The FCA has published proposals to strengthen its financial promotion rules for high-risk investments, to help retail investors make more effective decisions.
A discussion paper from the regulator seeks views on three areas where changes could be made to address harm to consumers from investing in inappropriate high-risk investments.
These three areas of focus are the classification of high-risk investments, the segmentation of the high-risk investment market and the responsibilities of firms which approve financial promotions.
The FCA indicated the feedback to its proposals will help shape the rules it plans to consult on later this year, to ensure they are feasible for firms to implement.
FCA executive director, consumers and competition, Sheldon Mills, suggested the regulator is “concerned” that consumers are too often investing in high-risk investments they don’t understand, which could lead to “significant and unexpected losses”.
“We have already taken action by banning the mass-marketing of speculative mini-bonds,” Mills said.
“We continue to address harm in this market through our ongoing supervisory and enforcement action but recognise more needs to be done.

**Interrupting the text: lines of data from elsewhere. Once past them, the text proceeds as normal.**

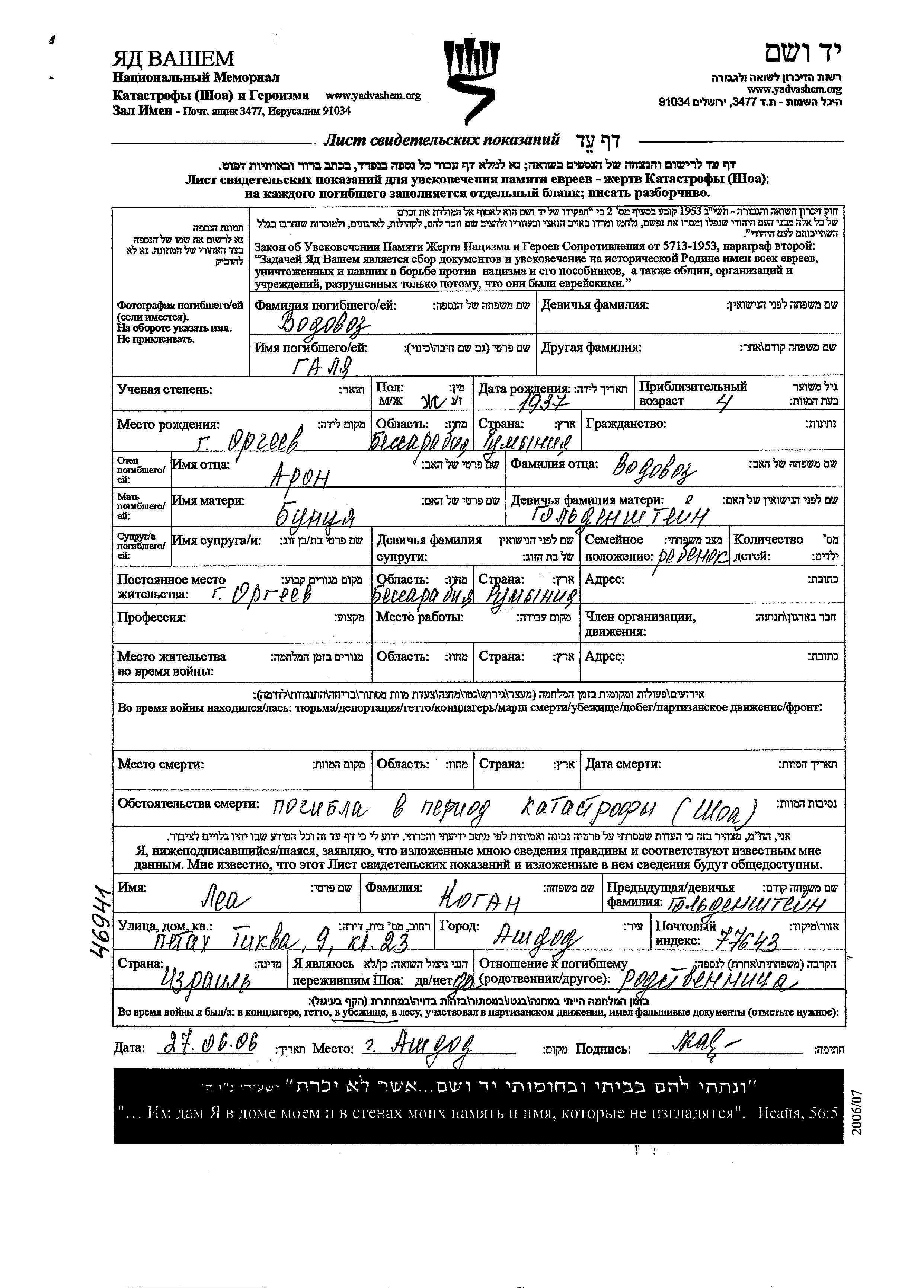 Galya Vodovoz wurde im Jahr 1937 in Orgeyev, Rumänien geboren. Sie war die Tochter von Aron und Buntzya, geb. Goldenshtein. Sie war Kind. Vor dem Zweiten Weltkrieg lebte sie in Orgeyev, Rumänien.
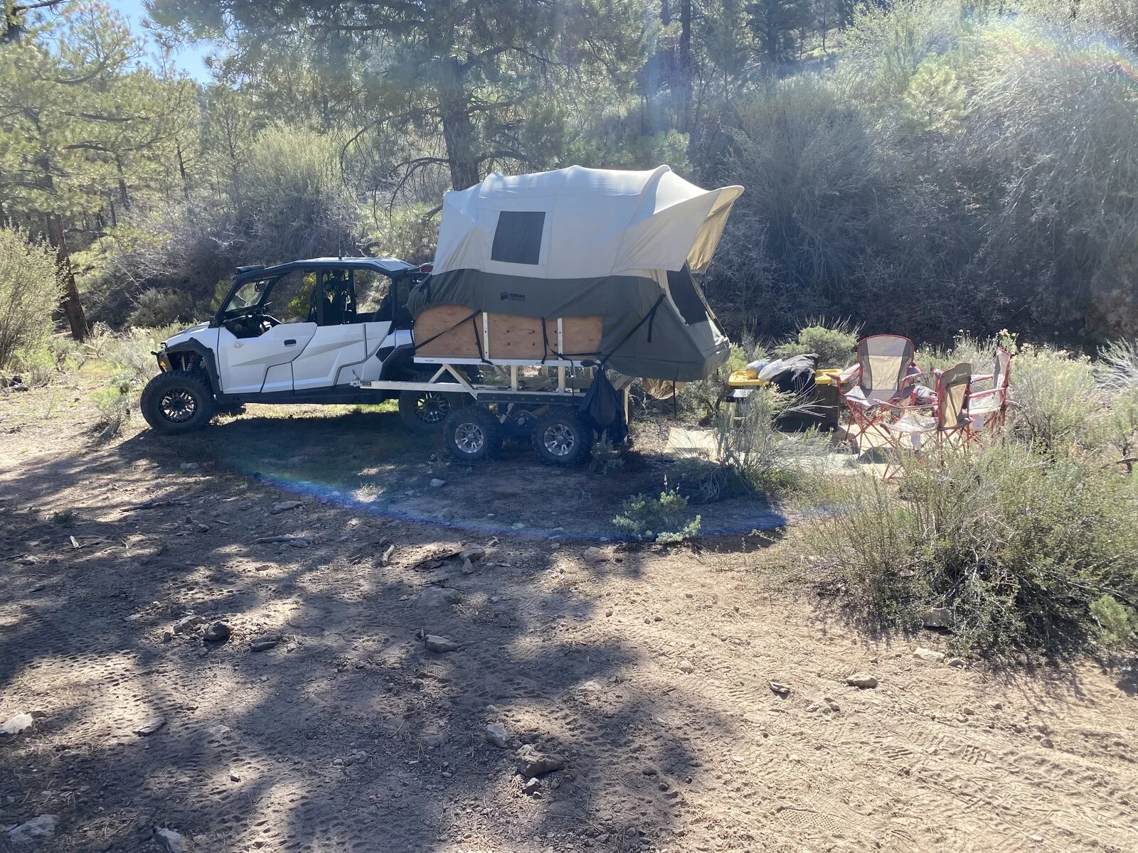 The first trailers were designed to work with the Truck Bed Tent from Kodiak Canvas and the idea is to trade hauling weight for towing weight. Instead of loading up the machine, we’d load the trailer and then go out and base camp. Using these trailers, we can haul much more than we ever could with just the machines which means longer trips and farther away, but also we don’t need to haul all our gear the whole time. We set up a base camp in an area we want to ride and explore and leave everything there except what we need for the day’s ride.
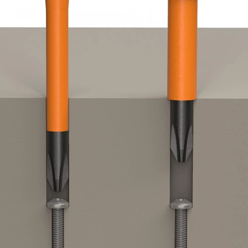 Klein Tools 32293 Insulated Screwdriver, 2-in-1 1/4-Inch, Black/Orange Product Details Brand: Klein Tools Number of Items: 1 Head Style: #2 Phillips and a 1/4-inch slotted Material: Alloy Steel, Plastic Color: Black/Orange Special Feature: Insulated, Interchangeable Blade Item dimensions L x W x H: 8.25 x 1.25 x 1.25 inches Item Weight: 4.1 Ounces Model Name: 32293 Head Size: #2 Phillips, 1/4-inch Slotted Manufacturer: Klein Tools Part Number: 32293 Item Weight: 4.1 ounces Product Dimensions: 8.25 x 1.25 x 1.25 inches Item model number: 32293 Is Discontinued By Manufacturer: No Size: 1/4-Inch Style: 2-in-1 Pattern: Screwdriver Item Package Quantity: 1 Special Features: Insulated, Interchangeable Blade Included Components: 2-in-1 Insulated Flip-Blade Screwdriver, #2 Ph, 1/4-Inch Sl Batteries Included?: No Batteries Required?: No Brand: Klein Tools Number of Items: 1 Head Style: #2 Phillips and a 1/4-inch slotted Material: Alloy Steel, Plastic Color: Black/Orange Insulated Screwdriver Flip-Blade has a #2 Phillips end and a 1/4-Inch Slotted end Securely and easily release the blade with a quick twist of the lock collar Interchangeable blades with a slim-tip to fit tight terminal blocks Handle and blade have a 1000-Volt insulation rating A layer of orange impact and flame resistant insulation protects from electric shock Meets or exceeds ASTM F1505 standards for insulation Cushion-Grip handles for greater torque and comfort Klein Tools' Flip-Blade Insulated Screwdriver is two drivers in one tool. The auto-eject mechanism works with just a twist, allowing you to flip the #2 Phillips- to the 1/4-Inch Slotted-end of the blade simply and easily. A bright orange coating of insulation protects from electrical shock, as well as being flame and impact resistant. Klein insulated tools exceed the ASTM F1505 standards for insulated tools, and are clearly marked with the official 1000-Volt rating symbol. For more than 160 years, Klein Tools has manufactured premium-quality, professional-grade hand tools that deliver the performance, durability and precision needed to get the job done right. Our family of engineers, workers and craftsman continue to put six generations of expertise into every tool we create by using only the highest quality materials, superior workmanship, and keeping manufacturing as close to home as we can. Klein isn't just the name of our company, it's also our family name. And since we're an American company that's family-owned and family-run, you know you can count on us to be here tomorrow. Klein Tools doesn't just make great products, we make great products that stand up to the demands of the professionals who use them every day ... Since 1857.
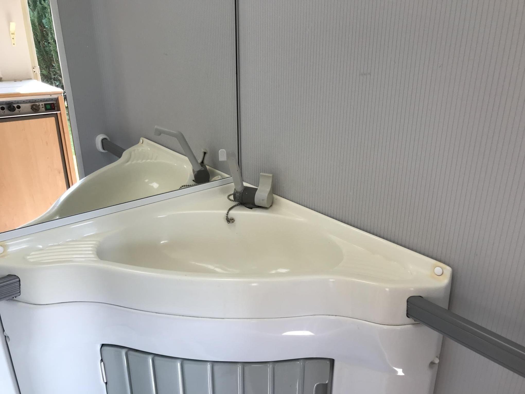2 Toiletten und 1 Dusche stehen für den gesamten Platz ( Wohnwagen und Wohnmobile) kostenlos zur Verfügung.
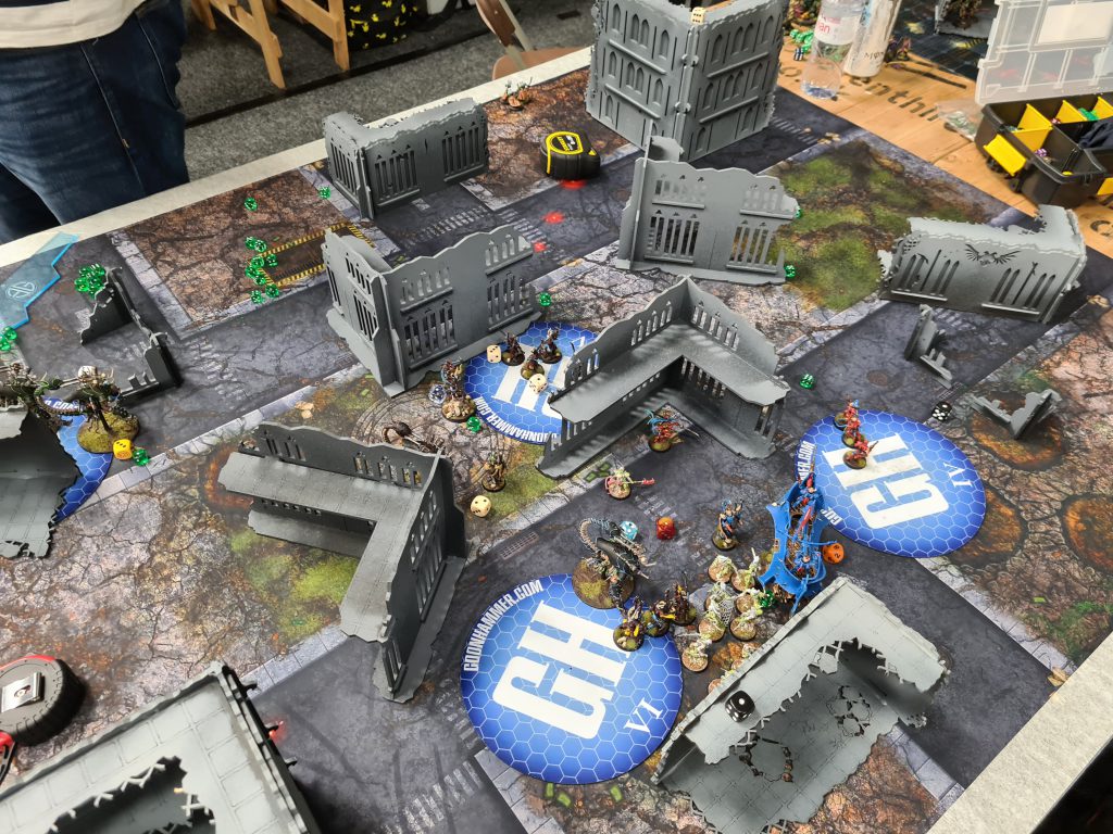 With the list redesigned thus, I was relying mostly on my prior practice with it to see me through a changed world with a new meta I hadn't yet played in. I was keeping up with Competitive Innovations and our competitive chat in the Goonhammer discord, so I had a decent idea of what was good now, and I felt like the Talos had good play into it - as well as expecting the likely mirror match, especially when lists went up for the event and literally dozens of them appeared in the numerous Drukhari armies taking the field. Luckily for my first match I had none of them, and was instead facing Grey Knights, an army which is objectively very strong but which in my experience has a fairly poor game into Talos which neuter their main shooting output from the Dreadknights. Let's talk about how that went.

Our latest proposals would further reduce the risk of people taking on inappropriate, high-risk investments that don’t meet their needs.”

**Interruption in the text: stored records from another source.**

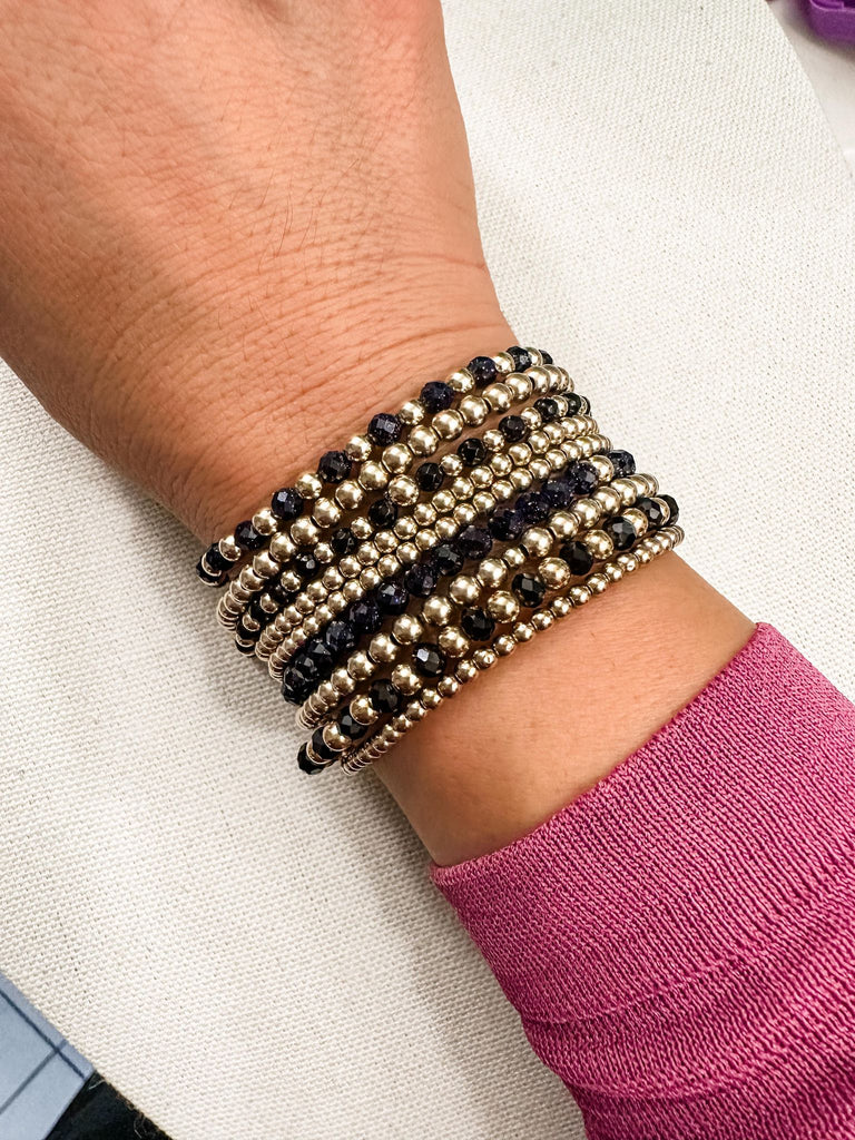 Made with quality crystal beads and a durable elastic for a comfortable stretch to roll on and off your wrist OR choose to style up with our clasp finish and findings
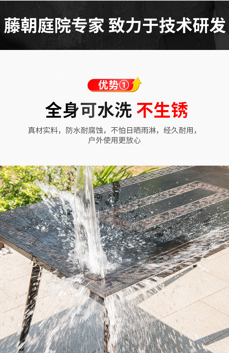 藤朝防雨户外铸铝桌椅烧烤组合休闲庭院花园别墅露天室外耐用长桌
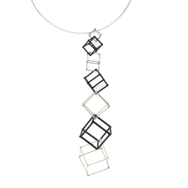 CUBE - WHITE & BLACK pendant, with 7 (in total) 3D printed hand dyed BLACK nylon cubes and handmade Sterling silver ("WHITE") cubes.
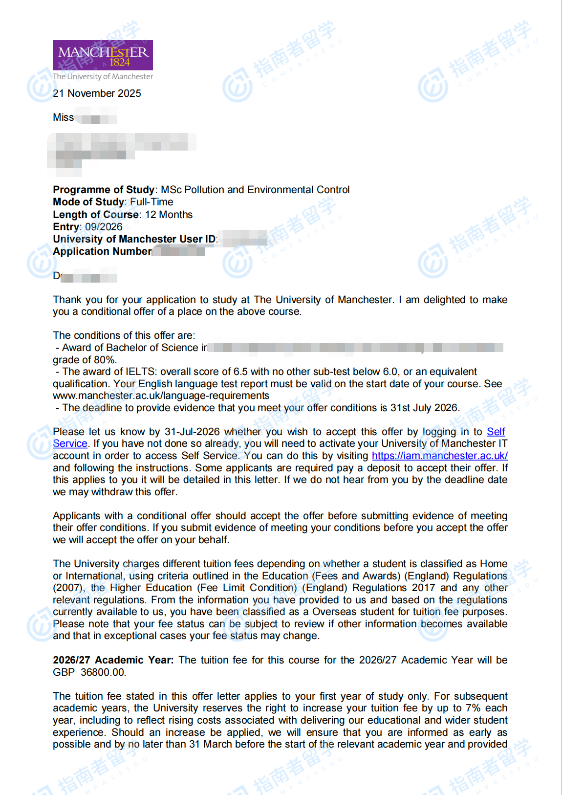 曼彻斯特大学污染与环境控制理学硕士研究生offer一枚

Recent research commissioned by the FCA on self-directed investors identified a growing trend of retail investors choosing to invest in inappropriate high-risk investments that do not meet their savings goals and investment needs.
These findings revealed found that over four in 10 (45%) did not view “losing some money” as a potential risk of investing.

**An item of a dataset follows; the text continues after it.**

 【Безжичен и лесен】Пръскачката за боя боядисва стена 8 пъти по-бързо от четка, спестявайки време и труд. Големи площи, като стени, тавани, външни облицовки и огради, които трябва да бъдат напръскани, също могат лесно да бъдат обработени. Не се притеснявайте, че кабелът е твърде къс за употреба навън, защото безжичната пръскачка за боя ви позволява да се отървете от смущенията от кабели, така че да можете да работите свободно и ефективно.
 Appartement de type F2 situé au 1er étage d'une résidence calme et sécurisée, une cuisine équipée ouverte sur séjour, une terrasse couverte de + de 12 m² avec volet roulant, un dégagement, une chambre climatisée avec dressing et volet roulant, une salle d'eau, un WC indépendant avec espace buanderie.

Commenting on the FCA plans, OpenMoney co-founder, Anthony Morrow, called the promotion of high-risk investments an area that “desperately needs regulatory attention”.
“Too many people are being lured into investing in products which could lose them significant sums of money by promotions that talk up the possible returns without explaining any of the risks,” Morrow commented.
“And if things don’t work out as expected, because you’ve ticked a box agreeing that you’re a high-risk investor, you have no come back against the provider. This simply isn’t good enough.
“There needs to be much stronger checks on whether these sophisticated investments are appropriate for an individual – in most cases they won’t be. To give the investor some protection if things go wrong, I think high-risk investments should only be sold where there has been a formal assessment, with the firm involved taking regulatory responsibility for the investment being suitable.”